第１図は、本発明による自然言語処理方式の一実施例を
説明するための構成図、第２図は、候補抽出部の具体例
を示す図、第３図は、接頭語分類と接尾語分類に対する
尤もらしさを示す図、第４図（ａ）、（ｂ）は、前文節
の自立部分類と付属部分類に対する尤もらしさを示す図
、第５図は、前文節の自立部分類との意味・共起部情報
を使用した尤もらしさを示す図、第６図は１前後文節の
情報と一致する文節候補の組み合わせに対する尤もらし
さを示す図、第７図は、候補評価部と合成演算部とのフ
ローチャートを示す図、第８図は、１．５文節について
実施した場合のフローチャートを示す図である。１・・・入力部、２・・・解析処理部、３・・・候補抽
出部、４・・・辞書検索部、５・・・辞書、６・・・候
補評価部、７・・合成演算部、８・・・出力部。FIG. 1 is a block diagram for explaining an embodiment of the natural language processing method according to the present invention, FIG. 2 is a diagram showing a specific example of the candidate extraction section, and FIG. 3 is a diagram showing prefix classification and suffix classification. Figures 4 (a) and (b) are diagrams showing the likelihood of classification, and Figure 4 (a) and (b) are diagrams showing the likelihood of the independent and attached parts of the preceding clause. A diagram showing the likelihood using meaning/co-occurrence part information. Figure 6 is a diagram showing the likelihood for a combination of clause candidates that match the information of the first and previous clauses. Figure 7 is a diagram showing the candidate evaluation unit and the composition calculation unit. FIG. 8 is a diagram showing a flowchart when the process is performed for 1.5 clauses.

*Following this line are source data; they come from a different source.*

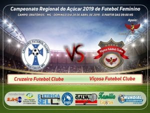 Neste domingo, dia 28/04, a partir das 9h, o Viçosa Futebol Clube joga no Campeonato Regional do Açúcar 2019 de Futebol Feminino no Campo da cidade de Oratórios. O jogo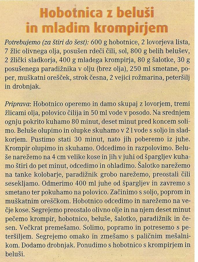 Hobotnica z beluši in mladim krompirjem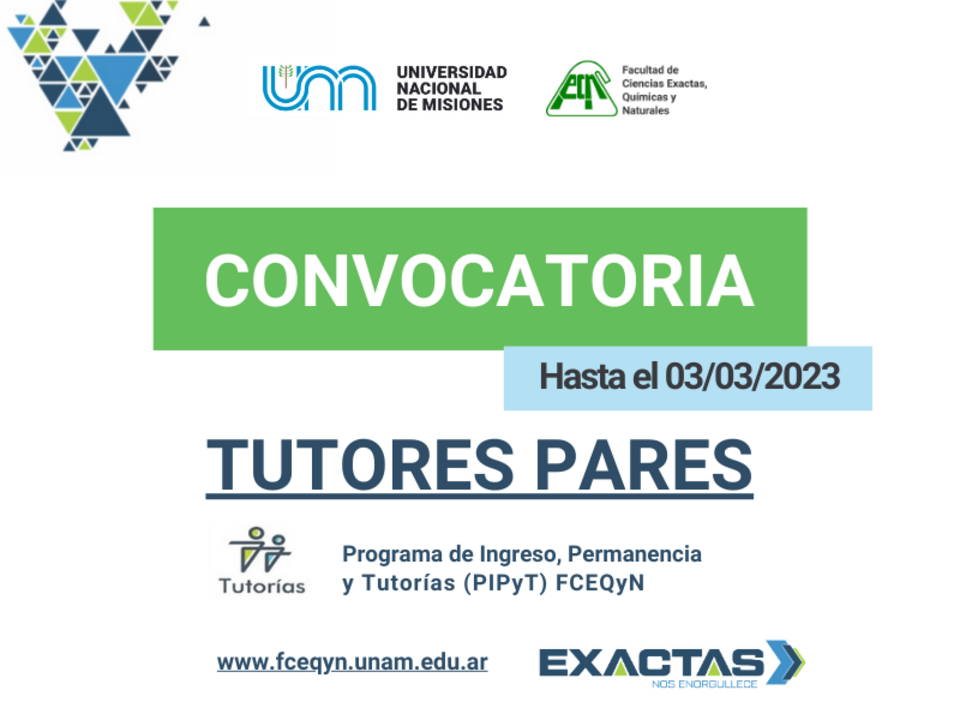 Hasta el 3 de marzo del corriente año se encuentran abiertas las inscripciones para participar como Tutores Pares (estudiantes) en el marco del Programa de Ingreso, Permanencia y Tutorías (PIPyT) de la FCEQyN. Los y las tutores pares son estudiantes regulares de la facultad que desempeñan acciones tutoriales, acompañando a los ingresantes durante su primer […]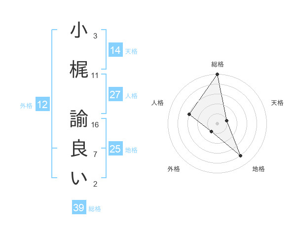 小梶 諭良いさんを姓名の画数から五運を鑑定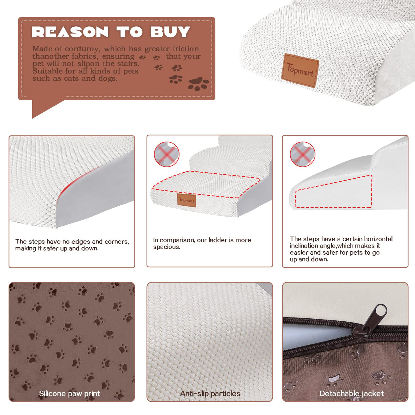 Q: What material is used in the Topmart dog stairs, and is it slip-resistant?A: The dog stairs are made of high-density foam covered with a corduroy fabric, which offers excellent slip resistance to ensure your pets' safety while using the ramp.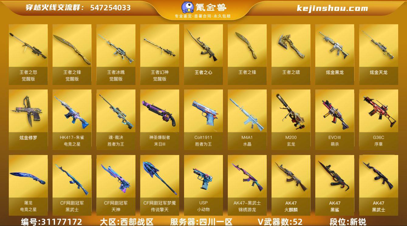 段位:新锐 VIP等级:VIP6 V武器数:52 王者武器数:7 炫金武器数:8 王者之怒-觉醒版,王者之锋-觉醒版,王者冰魄-觉醒版,王者幻神-觉醒版,王者之心,王者之锋,王者之啸 炫金黑龙,炫金天龙,炫金修罗 Colt1911-胜者为王,EVOⅢ-萌杀,G36C-序章,魂·裁决-胜者为王,HK417-朱雀-电竞之星,M200-玄龙,M4A1-水晶,神圣爆裂者-末日III,屠龙-电竞之星,黑武士-CF网剧冠军,天神-CF网剧冠军,擎天-CF网剧冠军,USP-小动物,AK47-黑武士-锦绣游龙,AK47-火麒麟,AK47-黑鲨,AK47-黑武士,M4A1-雷神,M4A1-黑骑士,M4A1-黑龙,M4A1-龙血,M4A1-武圣,M4A1-千变,M200-幻神,Barrett-毁灭,Barrett-极光,蔷薇大炮,AWM-天龙,Kar98k-星神,AA-12-雷霆,AK12-天启,HK417-朱雀,QBZ03-金色蔷薇,9A91-烈火,屠龙,龙啸,麒麟刺,擎天,USP-雷暴,柯尔特-电竞装甲,斩神刀-雷暴,裁决 王者-魅影 迷迭香,王者春,职业选手 HK417-朱雀-电竞之星-竞星跃动音效卡,屠龙-电竞之星-竞星跃动音效卡,Barrett-毁灭音效卡,M4A1-雷神音效卡,AK47-火麒麟音效卡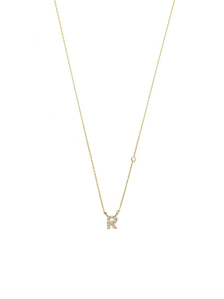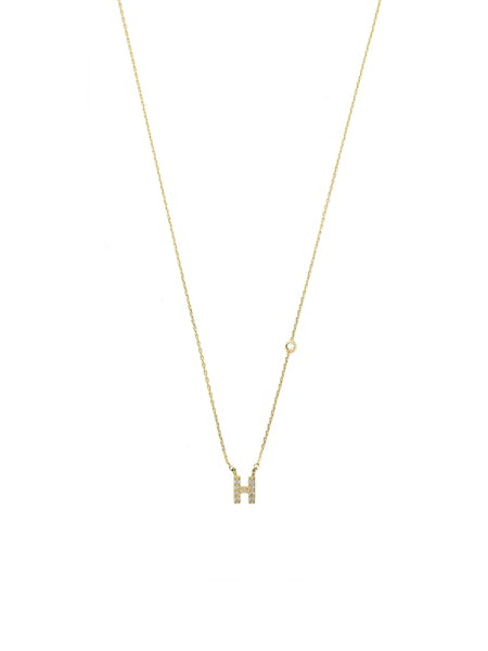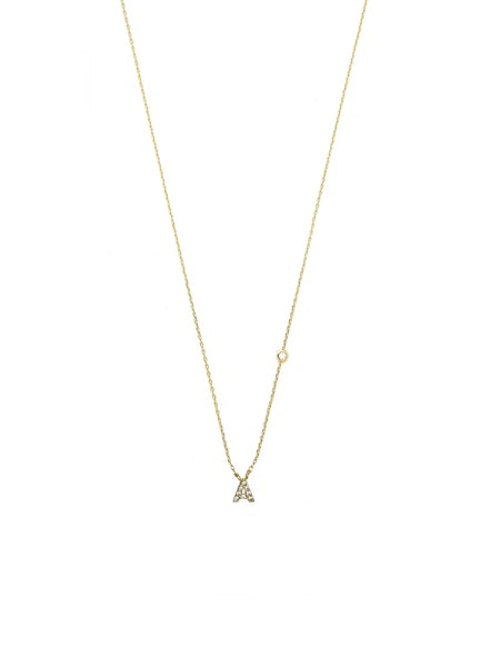 Gold simple chain necklace with a mini CZ letter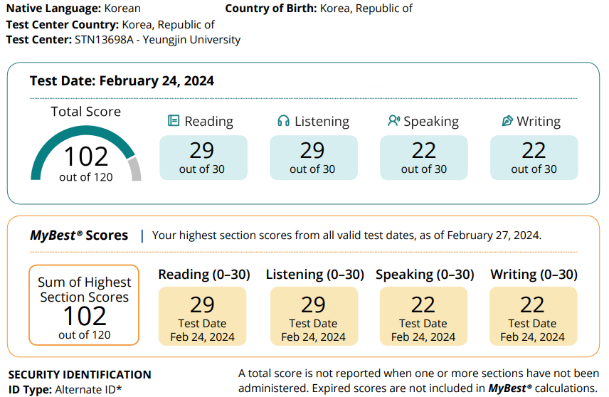 결과는 102점, 드디어 목표점수였던 100점을 달성했다. 영역별 점수 추이는 R/L/S/W 순으로 처음 볼때 23/20/19/21(83점) 두번째 29/25/21/21(96점) 그리고 마지막 29/29/22/22(102점) 이다. 첫 시험(2019년)과 두번째 시험(2023년) 사이의 간격은 4년인데, 그 기간 동안 영어 공부를 꾸준히 한 것은 아니다. 처음과 마지막을 비교하면 리딩과 리스닝이 많이 올랐고 (R:23->29 / L:20->29) 스피킹은 3점 올랐으며 (19->22) 라이팅은 거의 오르지 않았다(21->22).
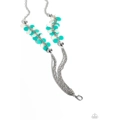 Flared between two oversized silver beads, a collection of turquoise and white shell-like beads give way to sections of silver chains that connect across the chest for a colorful summery look. A lobster clasp hangs from the bottom of the elongated design to allow a name badge or other item to be attached. Features an adjustable clasp closure.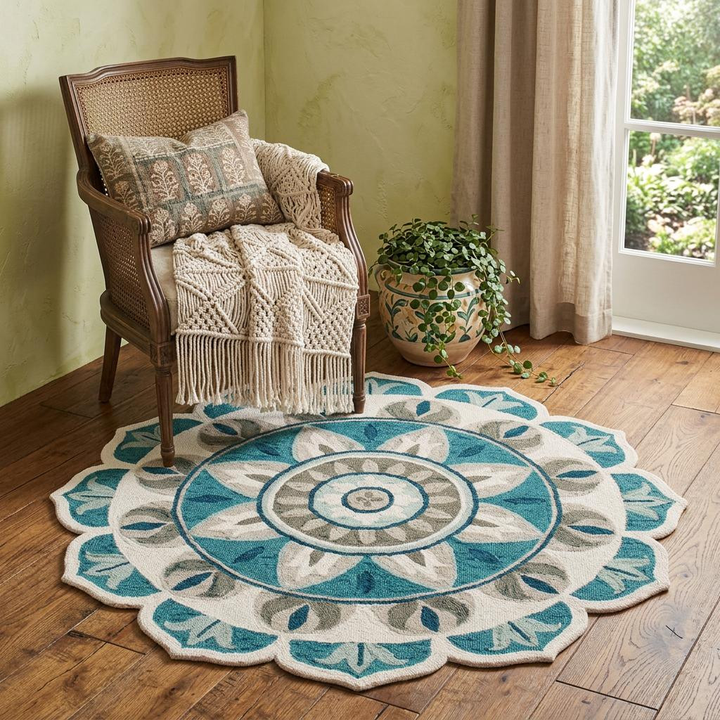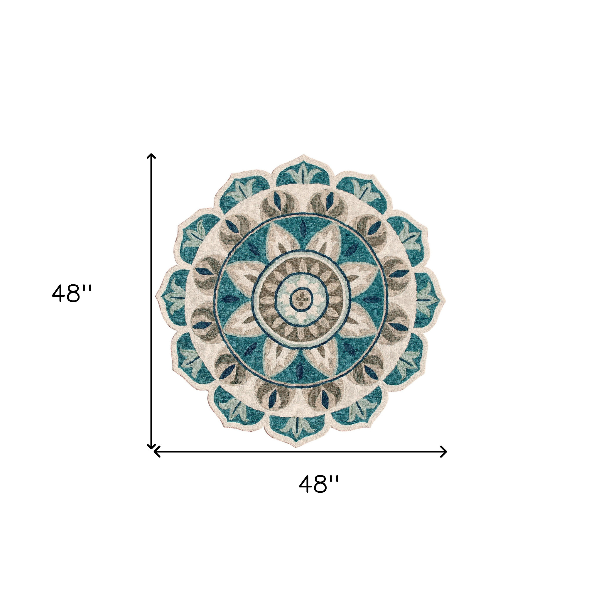 This 4-foot blue round wool floral hand tufted area rug, is a great way to add warmth to a room. This geometric round shaped rug features a floral pattern in blue that combines a good looking print with a unique and updated shape. The mix of shape, color, and design gives this rug refreshing visual interest. Place this area rug against a hardwood or tile floor and it will enliven your living space with style and sophistication. 0.31-inch H x 48-inch W x 48-inch D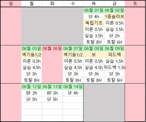 (06/07) 4일차_벽, 기둥 ½ 작업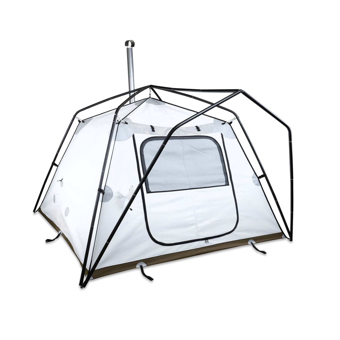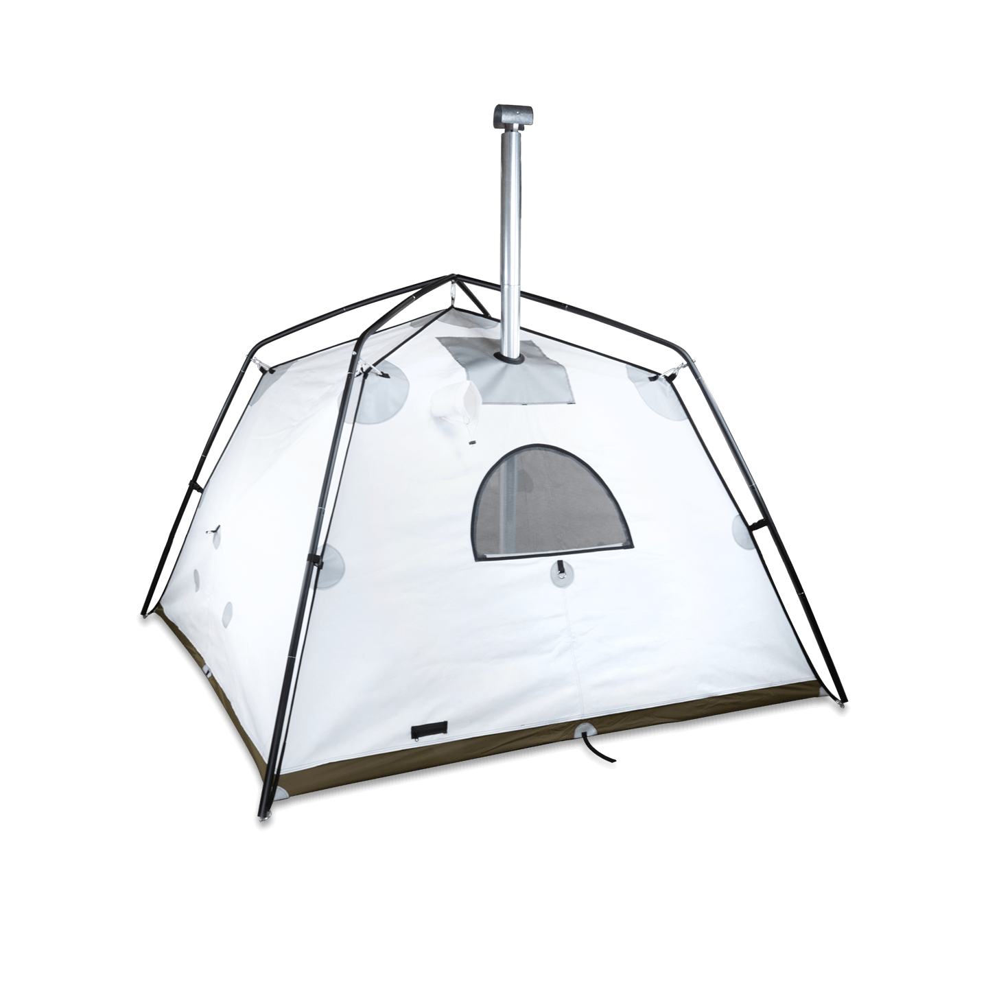 Flame Resistant Materials: Built to be a hot tent the body is constructed with Vapex which exhibits a myriad of benefits one of which is flame resistance as well as a silica glass stove jack that is fireproof up to 700 degrees F.

DESCRIPTION OF SYMBOLS 1... Input unit, 2... Analysis processing unit, 3... Candidate extraction unit, 4... Dictionary search unit, 5... Dictionary, 6... Candidate evaluation unit, 7... Synthesis operation Part, 8... Output part.

Claims

[Scope of Claims] 1. In a kana-kanji conversion process that converts a kana character string into a character string containing kanji and kana using a word dictionary that holds word information, and in a process that determines a clause from a character string,
A natural language processing method that is characterized by assigning plausibility to candidates containing prefixes, independent words, and suffixes based on their meanings and co-occurrence relationships within the independent part of a clause. 2. The natural language processing method according to claim 1, wherein a likelihood is given to a candidate containing the independent part in the clause based on the case relationship between the independent part in the clause and the independent part and attached part of the preceding clause. 3. The natural language processing method according to claim 1, characterized in that based on the relationship of meaning and co-occurrence between the independent part within a clause and the independent part of the preceding clause, likelihood is given to candidates containing the independent part. 4. The natural language processing method according to claim 1, wherein the likelihood of a case relationship between the independent part and the attached part of three consecutive candidates is used for analysis. 5. The natural language processing method according to claim 1, wherein the likelihood of the meaning/co-occurrence relationship of the independent parts of three consecutive candidates is used for analysis. 6. A natural language processing method according to at least one of claims 1 to 5, characterized in that each piece of information including the frequency of words is given a likelihood and used for analysis. 7. At least one of claims 1 to 6, characterized in that a wide variety of information with different dimensions is synthesized between a plurality of phrases to obtain likelihood and accuracy, and based on this, the first phrase is determined. The natural language processing method described in Section 1.